From outside, through the slightly open front window, hushed voices drifted in.
“Did you hear? Disha’s son brought her home last night.”
“So sudden, no? No invitation, no rituals… straight from the hospital.”
“I heard she’s that woman’s daughter.”
A brief silence—then a soft, disapproving click of tongues.
Rakhi’s fingers curled around the edge of her dupatta.
It’s okay, she told herself. I won’t complain. I won’t react. I won’t give them another reason.
She turned away from the voices and walked into the kitchen instead, instinctively drawn to routine—something familiar, something grounding.
Tea leaves.
Milk.
A kettle.
Her hands trembled only once as she lit the stove.
Sunny Draws the Line
Rakhi stood in the kitchen long before anyone else woke up.
It wasn’t obligation that had brought her there—it was instinct.
Something she could do, when everything else felt uncertain.
She moved quietly, preparing something simple. Nothing elaborate. Just food made with care—the kind that didn’t demand approval.
When she finished, she arranged the dishes carefully on a tray, her hands steady despite the tightness in her chest.
Sunny appeared at the doorway.
“You should’ve woken me,” he said softly.
She shook her head. “You barely slept.”
He watched her for a moment—how carefully she moved, how deliberately she kept her eyes lowered, as if trying not to take up too much space.
“This is…?” he asked.
“Pehli rasoi,” she replied quietly. “I thought—if it’s okay.”
Sunny didn’t answer immediately.
Together, they walked into the living area.
Disha was seated near the window. Aryan and Shahana stood nearby, mid-conversation. The room stilled the moment Rakhi stepped in.
She placed the tray down carefully. “Ma… Aryan… Shahana… I made something.”
Disha didn’t touch the plate.
“She’s already playing daughter-in-law?” Disha said coldly. “Trying to claim a place?”
Rakhi froze.
Sunny stepped forward at once.
“No, Ma,” he said calmly. “She’s not claiming anything.”
Disha looked at him sharply. “Then what is this?”
“It’s food,” Sunny replied evenly. “And an effort.”
Disha scoffed. “Effort doesn’t erase chaos.”
Sunny met her gaze without raising his voice. “No. Silence brought chaos. Lies did. Fear did. Not her.”
Aryan shifted uncomfortably. Shahana glanced at Rakhi, then at Sunny.
Disha’s jaw tightened. “You’re choosing her over your own blood.”
Sunny didn’t hesitate. “I’m choosing what’s right.”
The words were quiet—but they landed heavily.
Shahana, gently, picked up a spoon. “It smells nice,” she said, offering Rakhi a small smile.
Aryan followed suit, taking a bite without comment.
Rakhi stood still, her hands clasped tightly together—not victorious, not relieved—but seen.
Disha – Behind Closed Doors
Disha sat alone in her room, the door locked.
In front of her lay an old photograph.
Purab.
Abhi.
A much younger Pragya—smiling, unaware of what fate had planned.

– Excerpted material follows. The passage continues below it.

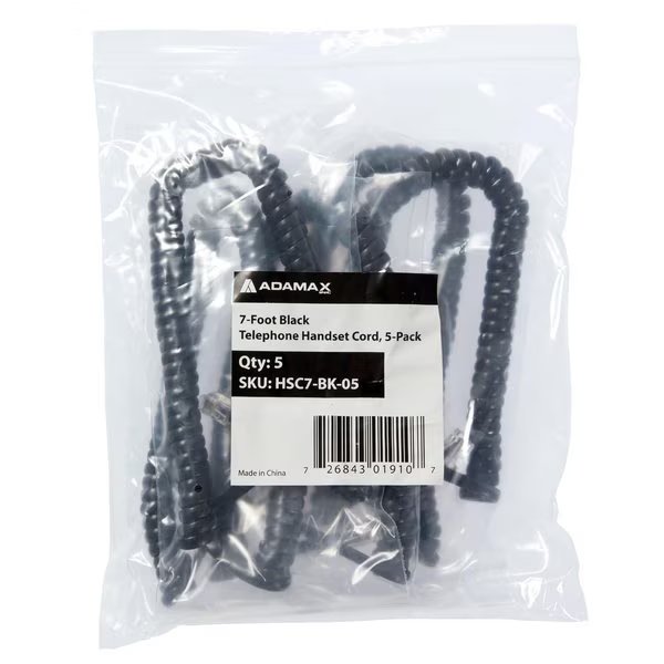 7 ft Uncoiled/1.33 ft Coiled Telephone Handset Cord, With RJ9 (4P4C) Connectors, Black, 5PK, Newhouse Hardware, Mfr#: HSC7-BK-05

And in the corner, barely visible, a tiny child wrapped in a pink blanket.
Kiara.
Disha’s breath hitched.
Her fingers hovered over the photo, then clenched into a fist. She turned it face-down, as if hiding it from herself.
“Why,” she whispered hoarsely, “does this family always pay for Tanu’s sins?”
She stood abruptly and walked to the small prayer shelf. The sindoor box lay open—but she didn’t touch it. Instead, she snapped it shut, the sound sharp in the quiet room.
“I protected my family once,” she said aloud, tears burning her eyes. “I won’t watch it fall apart again.”
But even as she said it, her mind betrayed her.
The girl’s eyes last night.
Not defiant.
Not manipulative.
Just… broken.
Disha pressed her palm against her forehead, her breathing uneven.
If I don’t stop this now, she thought, I’ll lose my son.
The Kumkum Moment – A Silent Echo
Later that morning, after the house had settled into its uneasy routine, Rakhi stood alone in the small wash area outside the bedroom.
The mirror reflected a woman she barely recognised.
Married.
Accepted by one man.
Rejected by everything else.
Her gaze drifted upward—to the faint red line of sindoor in her maang.
Carefully, almost reverently, she touched it with her fingertip.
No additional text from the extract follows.